Survival from melanoma skin cancer

In 2009–2013, individuals diagnosed with melanoma skin cancer had a 90% chance (88% for males and 93% for females) of surviving for 5 years compared to their counterparts in the general Australian population.

Between 1984–1988 and 2009–2013, 5-year relative survival from melanoma skin cancer improved from 86% to 90%.

Figure 3: 5-year relative survival from melanoma skin cancer, by sex, 1984–1988 to 2009–2013

 bar chart showing five year relative survival from melanoma skin cancer in five year periods, starting from 1983-1987 and ending in 2008-2012. The percentage of survival is presented on the y-axis. In 1983-1987, 5 year relative survival was 85.7%. This increased to 90.4% in 2008-2012.

Source: AIHW [1].

Survivorship population for melanoma skin cancer

The survivorship population is measured using prevalence data. Prevalence refers to the number of people alive who have previously been diagnosed with melanoma skin cancer.

The prevalence for 1, 5 and 31 years given below are the number of people living with melanoma skin cancer at the end of 2012 who had been diagnosed in the preceding 1, 5 and 31 years respectively.

At the end of 2012, there were 11,960 people living who had been diagnosed with melanoma skin cancer that year, 51,697 people living who had been diagnosed with melanoma skin cancer in the previous 5 years (from 2008 to 2012) and 169,292 people living who had been diagnosed with melanoma skin cancer in the previous 31 years (from 1982 to 2012).


Data notes

International Statistical Classification of Diseases and Related Health Problems Version 10 (ICD–10)

Cancer is classified by the International Statistical Classification of Diseases and Related Health Problems Version 10 (ICD–10). This is a statistical classification, published by the World Health Organization, in which each morbid condition is assigned a unique code according to established criteria.

Estimations

Future estimations for incidence and mortality are a mathematical extrapolation of past trends. They assume that the most recent trends will continue into the future, and are intended to illustrate future changes that might reasonably be expected to occur if the stated assumptions continue to apply over the estimated period. Actual future cancer incidence and mortality rates may vary from these estimations. For instance, new screening programs may increase the detection of new cancer cases; new vaccination programs may decrease the risk of developing cancer; and improvements in treatment options may decrease mortality rates.

Incidence

Cancer incidence indicates the number of new cancers diagnosed during a specified time period (usually one year).

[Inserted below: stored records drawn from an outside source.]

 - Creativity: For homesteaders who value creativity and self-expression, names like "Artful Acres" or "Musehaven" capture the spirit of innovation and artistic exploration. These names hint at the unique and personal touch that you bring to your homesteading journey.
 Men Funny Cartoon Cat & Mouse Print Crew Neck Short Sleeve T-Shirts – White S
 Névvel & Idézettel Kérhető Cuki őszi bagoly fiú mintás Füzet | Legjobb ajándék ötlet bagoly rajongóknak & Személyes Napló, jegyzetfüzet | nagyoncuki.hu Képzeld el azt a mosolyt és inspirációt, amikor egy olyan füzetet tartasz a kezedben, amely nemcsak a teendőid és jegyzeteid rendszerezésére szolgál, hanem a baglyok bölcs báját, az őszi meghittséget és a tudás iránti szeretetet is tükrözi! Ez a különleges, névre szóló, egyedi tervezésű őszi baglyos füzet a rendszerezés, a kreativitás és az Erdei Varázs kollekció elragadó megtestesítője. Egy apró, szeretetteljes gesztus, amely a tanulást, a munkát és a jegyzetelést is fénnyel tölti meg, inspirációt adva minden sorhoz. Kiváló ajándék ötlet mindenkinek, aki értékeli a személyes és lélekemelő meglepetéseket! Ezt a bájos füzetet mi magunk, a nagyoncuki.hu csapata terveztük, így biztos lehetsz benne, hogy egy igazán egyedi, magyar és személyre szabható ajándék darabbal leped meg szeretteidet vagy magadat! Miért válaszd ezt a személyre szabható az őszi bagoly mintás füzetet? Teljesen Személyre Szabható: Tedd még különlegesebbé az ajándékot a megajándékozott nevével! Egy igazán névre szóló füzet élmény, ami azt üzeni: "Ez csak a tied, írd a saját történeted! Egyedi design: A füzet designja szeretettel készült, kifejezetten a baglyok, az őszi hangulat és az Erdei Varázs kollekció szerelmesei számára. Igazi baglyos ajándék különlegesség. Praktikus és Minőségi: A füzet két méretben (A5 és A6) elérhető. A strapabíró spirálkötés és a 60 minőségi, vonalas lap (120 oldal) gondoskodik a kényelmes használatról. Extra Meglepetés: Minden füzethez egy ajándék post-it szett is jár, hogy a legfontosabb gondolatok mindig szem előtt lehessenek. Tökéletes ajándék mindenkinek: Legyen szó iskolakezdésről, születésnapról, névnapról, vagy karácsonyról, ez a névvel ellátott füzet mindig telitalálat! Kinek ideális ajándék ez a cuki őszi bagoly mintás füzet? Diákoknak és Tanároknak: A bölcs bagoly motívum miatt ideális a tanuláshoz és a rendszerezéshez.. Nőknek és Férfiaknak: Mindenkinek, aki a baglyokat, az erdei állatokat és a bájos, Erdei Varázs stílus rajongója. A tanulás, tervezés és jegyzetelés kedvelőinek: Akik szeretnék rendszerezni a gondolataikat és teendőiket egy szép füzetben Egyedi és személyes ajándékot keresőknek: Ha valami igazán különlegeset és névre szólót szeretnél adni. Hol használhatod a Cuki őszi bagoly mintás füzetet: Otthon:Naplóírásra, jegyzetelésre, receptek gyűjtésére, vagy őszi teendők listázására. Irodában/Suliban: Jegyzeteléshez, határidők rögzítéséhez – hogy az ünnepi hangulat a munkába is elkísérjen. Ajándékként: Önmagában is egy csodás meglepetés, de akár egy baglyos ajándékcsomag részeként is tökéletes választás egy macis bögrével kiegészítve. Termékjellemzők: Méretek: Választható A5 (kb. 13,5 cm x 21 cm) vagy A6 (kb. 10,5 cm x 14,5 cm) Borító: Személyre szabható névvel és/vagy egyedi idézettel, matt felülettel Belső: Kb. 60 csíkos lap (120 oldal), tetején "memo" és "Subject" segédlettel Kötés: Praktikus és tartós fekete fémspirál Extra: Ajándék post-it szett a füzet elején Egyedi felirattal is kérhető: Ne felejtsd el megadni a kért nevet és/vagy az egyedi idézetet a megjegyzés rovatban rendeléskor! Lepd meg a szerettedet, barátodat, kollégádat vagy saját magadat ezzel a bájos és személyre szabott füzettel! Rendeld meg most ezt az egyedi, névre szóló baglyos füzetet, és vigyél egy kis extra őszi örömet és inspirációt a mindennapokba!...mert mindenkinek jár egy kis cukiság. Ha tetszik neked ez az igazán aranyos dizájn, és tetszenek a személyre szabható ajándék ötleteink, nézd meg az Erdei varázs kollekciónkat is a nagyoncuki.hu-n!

The 2013 national incidence counts include estimates for NSW because the actual data were not available. Note that actual data for the Australian Capital Territory do not include cases identified from death certificates.

The 2017 estimates are based on 2004–13 incidence data. Due to rounding of these estimates, male and female incidence may not sum to person incidence.

Mortality

Cancer mortality refers to the number of deaths occurring during a specified time period (usually one year) for which the underlying cause of death is cancer.

The 2017 estimates are based on mortality data up to 2013. Joinpoint analysis was used on the longest time series of age–standardised rates available to determine the starting year of the most recent trend.

Prevalence

Prevalence of cancer refers to the number of people alive with a prior diagnosis of cancer at a given time. It is distinct from incidence, which is the number of new cancers diagnosed within a given period of time. The longest period for which it is possible to calculate prevalence using the available national data (from 1982 to 2012) is currently 31 years so this is used to provide an estimate of the ‘total’ prevalence of cancer as at the end of 2012, noting that people diagnosed with cancer before 1982 aren’t included.

Age standardised rates

Incidence and mortality rates expressed per 100,000 population are age–standardised to the Australian population as at 30 June 2001.


References

  1. Australian Institute of Health and Welfare 2017. Australian Cancer Incidence and Mortality (ACIM) books: Melanoma of the skin. Canberra: AIHW. www.aihw.gov.au/acim–books [Accessed February 2017].
  2. AIHW 2017. Cancer in Australia 2017. Cancer series no. 101. Cat. No. CAN 100. Canberra: AIHW.